If you are curious, you can tell who’s connected to your computer and find out their IP Address, but that’s all you can find.
Open Terminal (/Applications/Utilities/Terminal.app)
And type:
netstat | grep daap
The output will look like this (albeit with other IP addresses):
tcp4 0 0 your.ip.address.daap x.y.z.w.49195 ESTABLISHED
Being x.y.z.w the ip addresses of those who are connected to your library. That user above is not listening to anything (but it’s connected to your library).
You might see duplicated entires for the same IP, for example:
tcp4 0 131768 your.ip.address.daap x.y.z.w.49198 ESTABLISHED
tcp4 0 0 your.ip.address.daap x.y.z.w.49195 ESTABLISHED
That means that computer from ip x.y.z.w is listening to something. I believe the ports (49195 and 49198) are not static and might change, but I really don’t remember now. The important part is the daap which stands for Direct Audio Access Protocol.
Essentially your asking nestat to list all your connections to/from your computer and filtering the (rather large) output to those lines which contain ‘daap’ in them.
If you get no output or it seems to be “hung”, try using ’netstat’ alone and then scroll up to manually find them. Please note that the command may take a few (sometimes more than 20-30 secs) to produce output, depending upon your network.
The ESTABLISHED part means the connection is still alive.
For more information about netstat, don’t hesitate typing:
man netstat
in the Terminal.
You might also see your own computer “listening” (iTunes Sharing enabled), it should look like this:
tcp6 0 0 *.daap *.* LISTEN
tcp4 0 0 *.daap *.* LISTEN
Notice that is one for ipv4 and one for ipv6 and the LISTEN part. :)

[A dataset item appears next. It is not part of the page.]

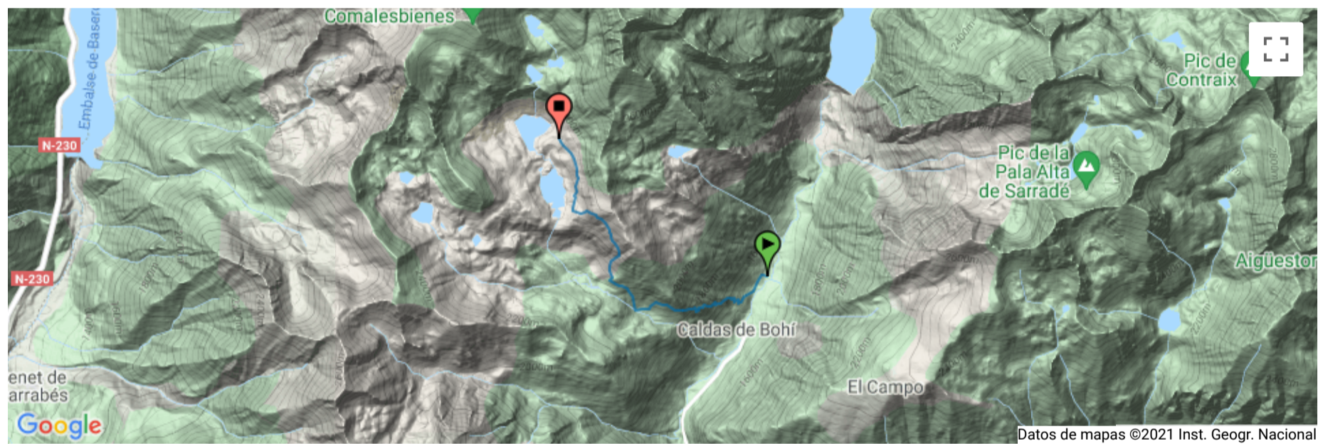
E05_toirigo_estanys G201amena on GPSies.com

Drive along the L-500 road towards Caldes de Boí as far as the car park on the left-hand side after the Toirigo information booth (1.500m). The path to the Gémèna lakes (2.257m) leaves from the car park itself via the Llubriquito plateau.

An alternative that I am not sure if it’s still working, is Doug’s Applescripts for iTunes: What Are People Listening 2, which will theoretically find out who/what are they listening. I haven’t tried that one and it seems to be from 2004, however it may still work and you might want to check that out.
Applet displays the name and artist of shared songs being listened to by others on the local network.